I drove up through Woodruff this morning and seen quite a few deer. It made me think as the snow was over a foot deep all over the valley. Wind blowing like a hurricane. Anyone worried about winterkill south of I-70 should take a drive up north and see what real winter conditions are like.


----------



## Wire (Nov 2, 2017)

I too work at Kennecott but have not noticed much of a decline in deer numbers where I'm at. Still see quite a few and some decent bucks.


----------



## ridgetop (Sep 13, 2007)

goofy elk said:


> Ridge
> Fairview South to Mayfield is pretty good.
> Decent deer numbers.


We were further south than that by several miles.


----------



## goofy elk (Dec 16, 2007)

ridgetop said:


> goofy elk said:
> 
> 
> > Ridge
> ...


Ya
South end of Manti, Fishlake.
Low deer numbers.


----------



## Vanilla (Dec 11, 2009)

RandomElk16 said:


> Lol.. a guy on here went 3/3 (or 4/4?) on the books this year with his group on archery


And they were all giants.


----------



## Hunter Tom (Sep 23, 2007)

I spend a lot of time on the Boulder and observe a long term big decline.


----------



## goofy elk (Dec 16, 2007)

RandomElk16 said:


> goofy elk said:
> 
> 
> > Spent 10 days on Fishlake last summer. Deer were down 50% from 2 years ago.
> ...


The Bookcliffs is quite easy if you know the migration routes.
Glass, glass, glass.
And water.

Same with Fishlake.
Spent a lot of time there the last 5 years. Area's we saw good deer numbers a few years ago have defiantly diminished.
Rabbits too,
2 years ago, the Mytoge had the most bunnys on it I've ever seen in my life. They where gone this year.
There's was also a herd of antelope on the North side of hwy 24.
Im guessing they winter killed as well last winter. Certainly gone.


----------



## RandomElk16 (Sep 17, 2013)

goofy elk said:


> The Bookcliffs is quite easy if you know the migration routes.
> Glass, glass, glass.
> And water.


If it's "easily 90% down", then how is it still quite easy? 90% down over 5 years would be grounds to close down the unit.

The 8 hunters I know if with tags, all 8 killed great deer this year, must have been d*** lucky with a bow and killed the last 8.

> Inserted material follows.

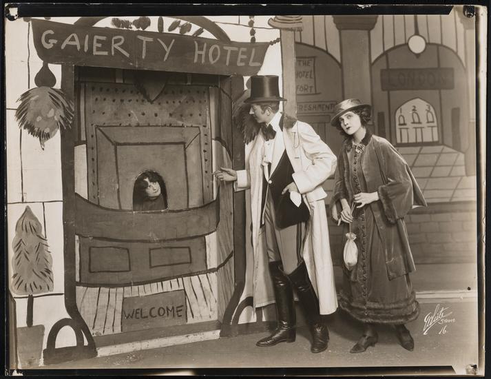 [Herbert Yost as Mr. Salteena and Marie Goff as Ethel Monticue in "The Young Visitors".]

I am not disagreeing numbers may be down. 90% is an extreme statement though.


----------



## Kwalk3 (Jun 21, 2012)

RandomElk16 said:


> If it's "easily 90% down", then how is it still quite easy? 90% down over 5 years would be grounds to close down the unit.
> 
> The 8 hunters I know if with tags, all 8 killed great deer this year, must have been d*** lucky with a bow and killed the last 8.
> 
> I am not disagreeing numbers may be down. 90% is an extreme statement though.


Putting any kind of % on what is basically guesswork based on the observation of 1 guy is pretty extreme.


----------



## goofy elk (Dec 16, 2007)

Well, while most of you guys are running around town, I'm on the mountain looking.

Today I looked at the winter range on South Nebo. Started in Wales canyon. Ran it to the top. Continued north to Maple canyon to Fountain Green. Looking at the bench sage brush and cedars. Traditionally winters are full of deer there.
A few tracks but no deer spotted despite quite a bit of glassing.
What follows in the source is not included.